____ MATERIAL FOR THIS EXERCISE

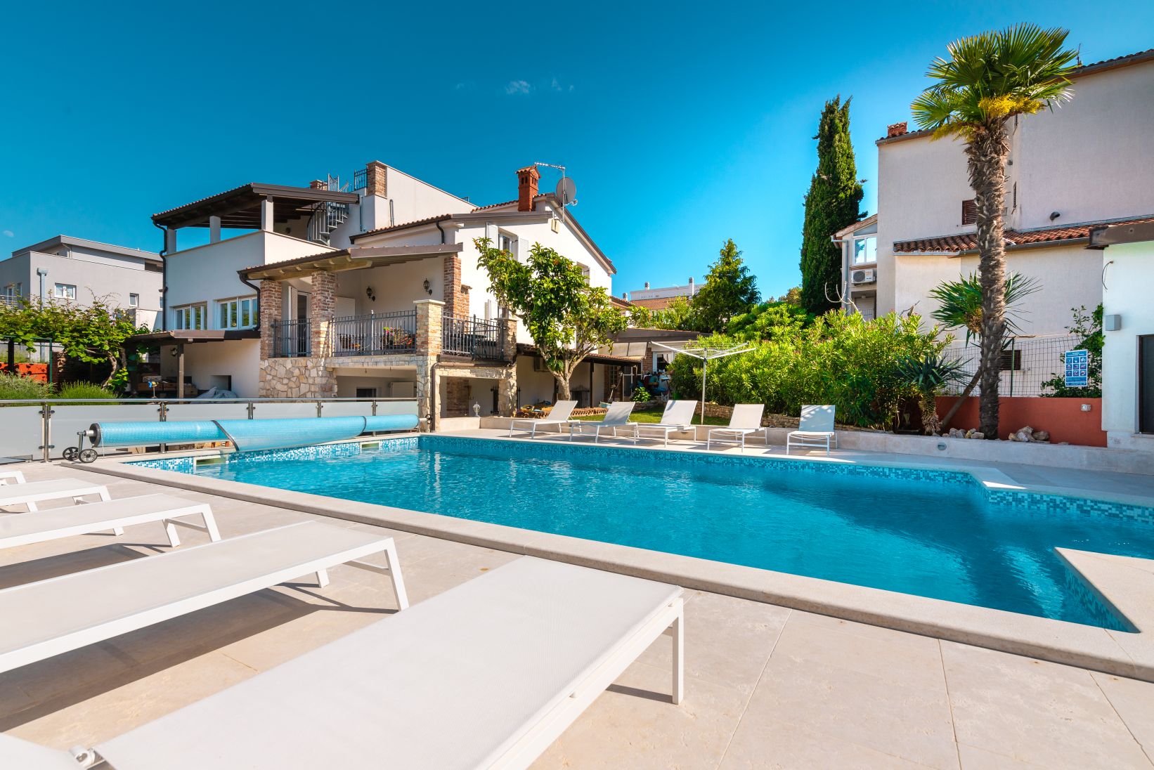 A 10mx5m size pool is heated when necessary, which is rare because it is mostly sunny.
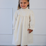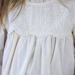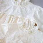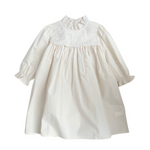 Grace your little girl in timeless elegance with our vintage-inspired dress, featuring a lace-trimmed collar and delicate embroidery on the chest. This refined design transforms the classic romper into a sophisticated dress, perfect for special occasions.
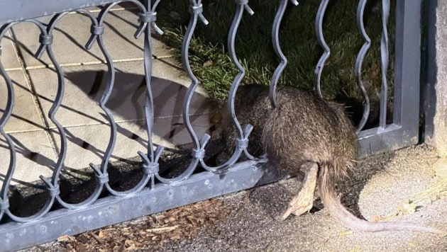 Mitten im Ortsgebiet hatte das Tier in einer Garageneinfahrt eines Einfamilienhauses versucht, durch die schmalen Gitterstäbe eines Einfahrtstores zu schlüpfen. Der Plan ging jedoch gründlich schief: Das Tier blieb stecken und konnte weder vor noch zurück. Die Bewohner alarmierten die Feuerwehr.
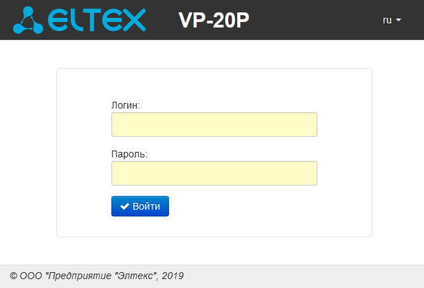 При успешном подключении к устройству появится окно с запросом логина и пароля. Заполните поля и нажмите кнопку «Войти».
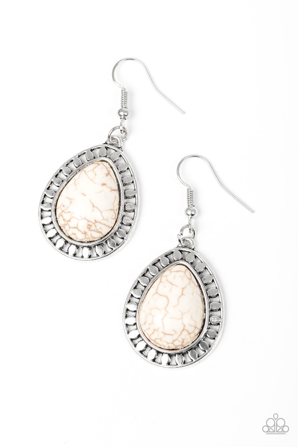 Chiseled into a tranquil teardrop, a refreshing white stone is pressed into a shimmery silver frame radiating with tribal inspired textures for a seasonal look. Earring attaches to a standard fishhook fitting.
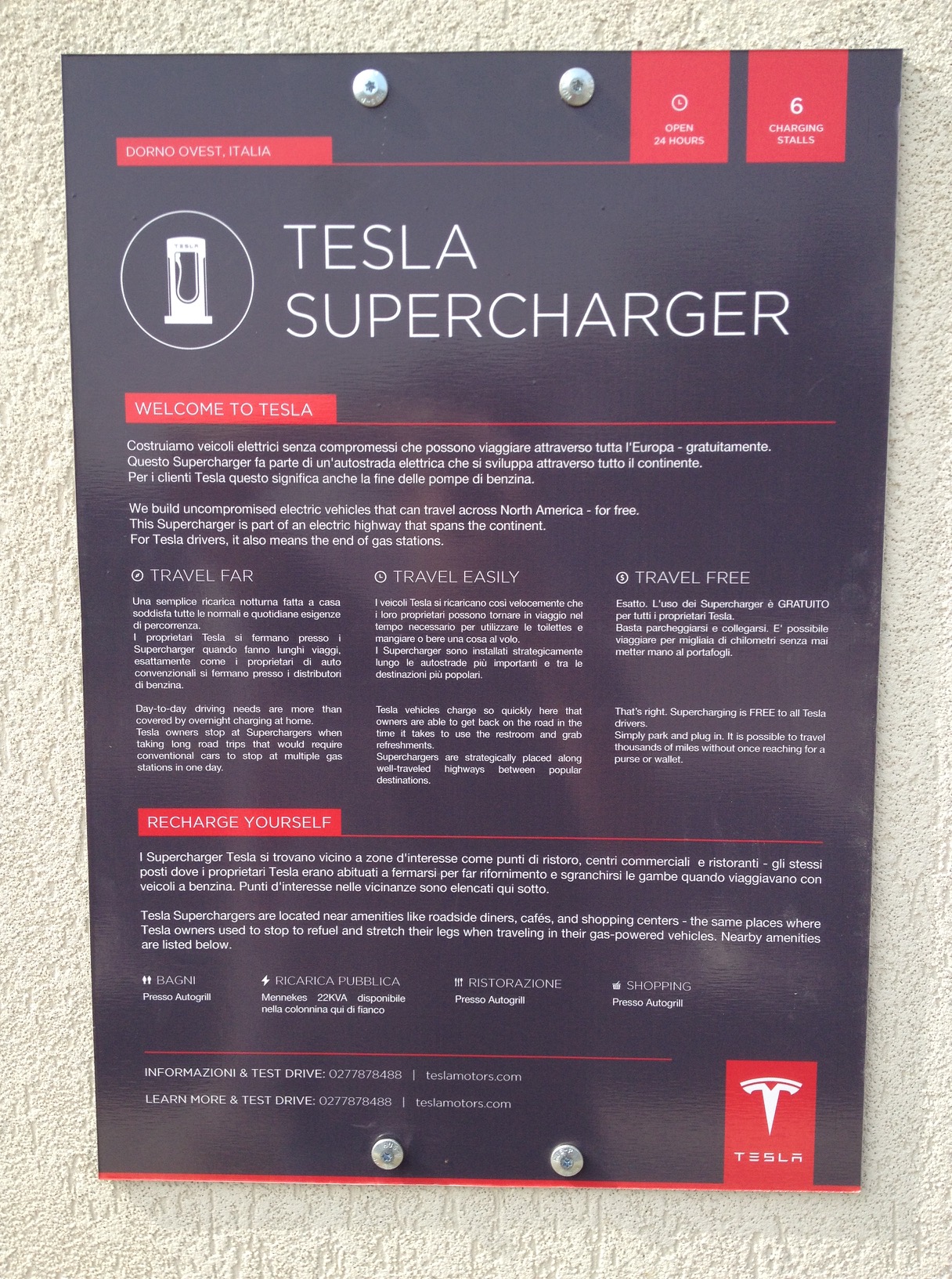 Come annunciato in un precedente articolo il primo supercharger in italia è stato aperto a Dorno tra Milano e Genova sulla A7.
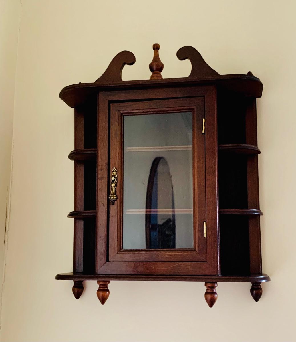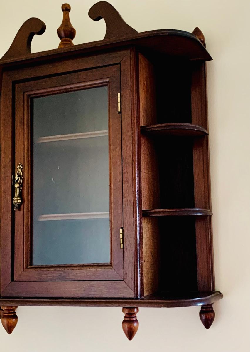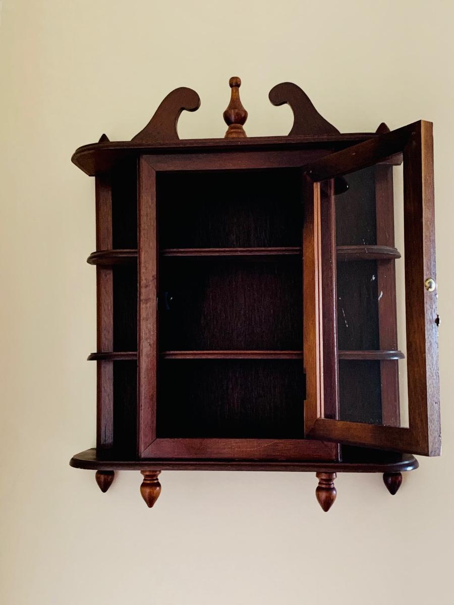 Lot 142: Vintage Wooden Curio Cabinet (Wall Mount, or Table Stand Option)
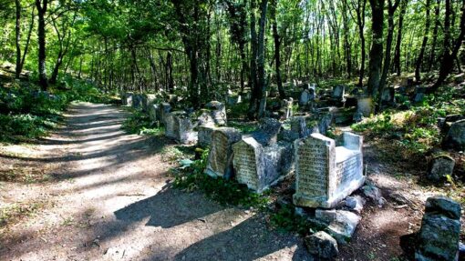 Караимы — древний тюрскский народ, исповедующий иудаизм, непохожий на современные иудейские верования. В отличие от христиан, мусульман и других иудеев, караимы хоронили своих умерших в направлении север-юг. По разным данным, некрополь у Чуфут-Кале начал существовать в VI — XIII веках. До сегодняшнего времени многие надгробия уже давно разрушились и превратились в прах, на некоторых совершенно стерлись надписи, а другие еще сохранили на себе следы прошлого.

________

An exact copy of every entry above is needed, minus the pictures.

 A 10mx5m size pool is heated when necessary, which is rare because it is mostly sunny.
 Grace your little girl in timeless elegance with our vintage-inspired dress, featuring a lace-trimmed collar and delicate embroidery on the chest. This refined design transforms the classic romper into a sophisticated dress, perfect for special occasions.
 Mitten im Ortsgebiet hatte das Tier in einer Garageneinfahrt eines Einfamilienhauses versucht, durch die schmalen Gitterstäbe eines Einfahrtstores zu schlüpfen. Der Plan ging jedoch gründlich schief: Das Tier blieb stecken und konnte weder vor noch zurück. Die Bewohner alarmierten die Feuerwehr.
 При успешном подключении к устройству появится окно с запросом логина и пароля. Заполните поля и нажмите кнопку «Войти».
 Chiseled into a tranquil teardrop, a refreshing white stone is pressed into a shimmery silver frame radiating with tribal inspired textures for a seasonal look. Earring attaches to a standard fishhook fitting.
 Come annunciato in un precedente articolo il primo supercharger in italia è stato aperto a Dorno tra Milano e Genova sulla A7.
 Lot 142: Vintage Wooden Curio Cabinet (Wall Mount, or Table Stand Option)
 Караимы — древний тюрскский народ, исповедующий иудаизм, непохожий на современные иудейские верования. В отличие от христиан, мусульман и других иудеев, караимы хоронили своих умерших в направлении север-юг. По разным данным, некрополь у Чуфут-Кале начал существовать в VI — XIII веках. До сегодняшнего времени многие надгробия уже давно разрушились и превратились в прах, на некоторых совершенно стерлись надписи, а другие еще сохранили на себе следы прошлого.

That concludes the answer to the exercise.